GSA holds graduate orientations
Interdepartmental sessions intended to provide university-wide information, services
Dorm dinners, floor activities, late-night talks in the hallway and shared dread of general education classes – all those things that promote bonding among freshmen during their first few weeks at UCLA – are not an element of the graduate student social scene.
While an incoming undergraduate student studying history may live next to a student majoring in math and take a class with a philosophy student, graduate students often interact primarily or only with other students in their own department, said Monica Sanchez, president of the Graduate Students Association.
“Graduate students tend to be a little isolated by department, so when they go, for example, to their classes they stay in one building, (on) one side of campus,” she said.
In order to combat this isolation, GSA has begun holding orientations for new students from all departments.
Cindy Mosqueda, GSA’s vice president of external affairs, has experienced this isolation within her department, the School of Education.
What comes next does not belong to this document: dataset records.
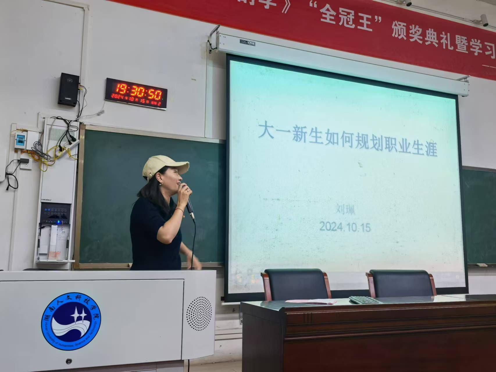 在讲座中,学院就业专干刘珮老师以生动的案例和丰富的教学经验,向新生们介绍了大学的学习方法和技巧,鼓励他们积极参与课堂讨论,勇于探索未知领域。此外,还就当前就业市场形势和职业发展前景进行了深入剖析,引导新生们树立正确的职业规划意识,提前为未来的职业发展做好准备。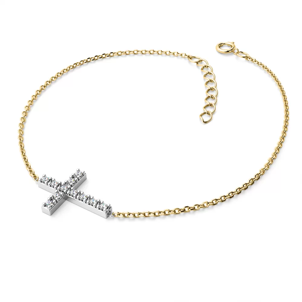 Náramok je vyrobený zo žltého az bieleho štrnásťkarátového zlata - 585/1000 a tvorí ho retiazka typu anker s lesklými facetami na každom očku. Facety sú zhotovené diamantovým nástrojom, ktorý dodáva vzniknutým facetám krásny lesk a ligot. Uprostred retiazky je kríž. Celý náramok je v lesklej povrchovej úprave. V krížiku je vsadených jedenásť okrúhlych diamantov briliantového brusu, ktorý zaisťuje maximálnu brilanciu vybrúsených facet diamantu, dokonale odráža svetlo a krásne žiari z každého uhla pohľadu! Diamanty sú vsadené do krížika pomocou krapien. Vsadzovanie diamantov vykonávajú naši najskúsenejší majstri zlatníci ručne pod mikroskopom s presnosťou na 0,01mm a preto nehrozí vypadnutie kamienkov ako to býva pri strojne vyrábaných šperkoch.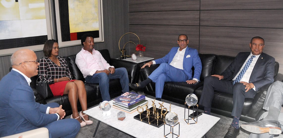 SANTO DOMINGO, RD.- El ministro de Obras Públicas y Comunicaciones, Deligne Ascención, recibió este martes en su despacho al ex lanzador de Grandes Ligas, Pedro Martínez, miembro del Salón de la Fama de Cooperstown.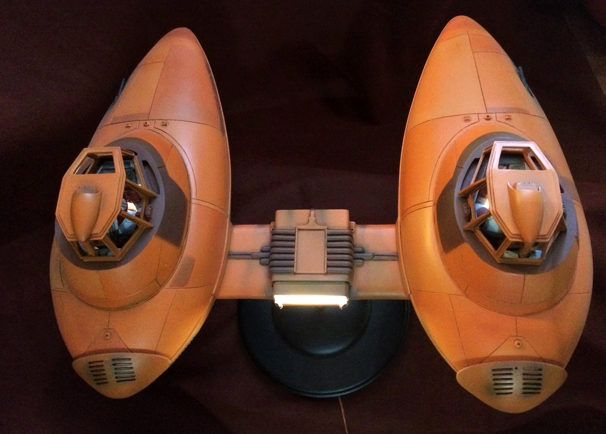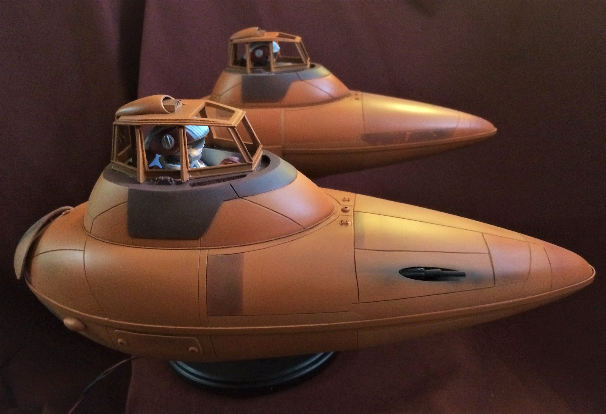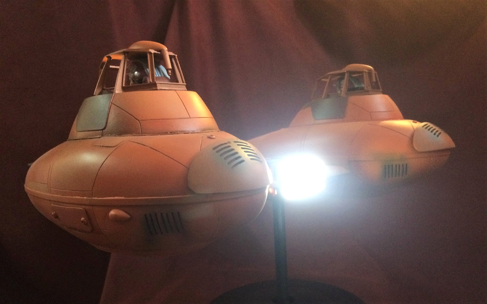 Being one of the most recognizable models ever made, the Cloud Car from Star Wars: The Empire Strikes Back has been made as a kit in a few different scales… including Studio Scale.. which you see here today. There had been some discussion early on of the first made studio scale replicas of the pods not being the correct lengths. That looks to have been solved with the fantastic NICE-N Model Designs Kit that famed artist Mike Salzo has just completed for his client.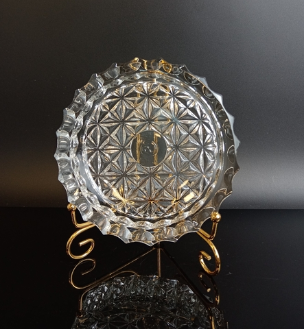 Пепельница с рельефным декором, хрусталь, Уршельский стеклозавод имени 10-й годовщины Октября, СССР, винтаж 1963-1980 гг. Высота- 3 см, диаметр - 13.5 см. Присутствуют следы использования- состояние на фото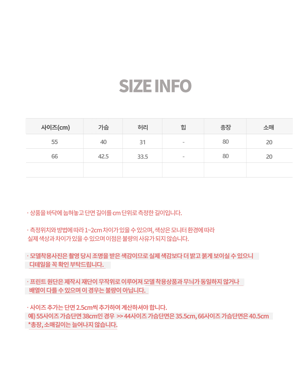 | 備註 *商品尺寸以cm為單位,可能因布料不同出現1~4cm的差異 *由於電腦螢幕的設定與解析度不同,可能會有輕微色差現象 |

Not only did Mosqueda say she interacts mostly with students in the School of Education, but also that she primarily knows students within her own specialized study.
“Undergraduate students are a lot more likely to know students within a variety of majors ... but I know, (for example), two engineering students,” she said.
“It’s very common because we’re so specialized within our departments,” she added.
Traditionally, departments in graduate schools hold orientation for students in that department.
But though department orientations provide students with valuable information about their department, they do not inform students of campus-wide services and do promote the sense of isolation many graduate students experience, Sanchez said.
GSA’s new orientations are geared toward providing students with more general knowledge about UCLA.
“(The orientation) is intended to give them more university-wide information,” Sanchez said. “They get whole campus tours, they get the opportunity to mingle with other graduates.”
Students are provided with information about services on campus, how to set up the UCLA e-mail address, and where students can access computer labs, similar to the information undergraduates receive during orientation.
The orientation also provides information specific to graduate students, such as how to obtain funding to get articles published.
The New Graduate Student Orientation, which was held Friday, is in its second year. Sanchez said it attracted almost 1,000 students in its first year and grew by about 300 this year, adding that there are about 10,000 graduate students total.
The idea of having an orientation for all graduate students, rather than by department, is relatively new to UCLA, said Christine Wilson, coordinator of the Graduate Student Resource Center.
“There’s been the impression for a long time that, well, graduate students have been to college, they all know how things work, their departments or schools will take care of anything they need,” she said.
But many students involved in planning or running the orientation said they have seen that students have responded well to the opportunity to meet students from other departments early on and learn information about the campus as a whole.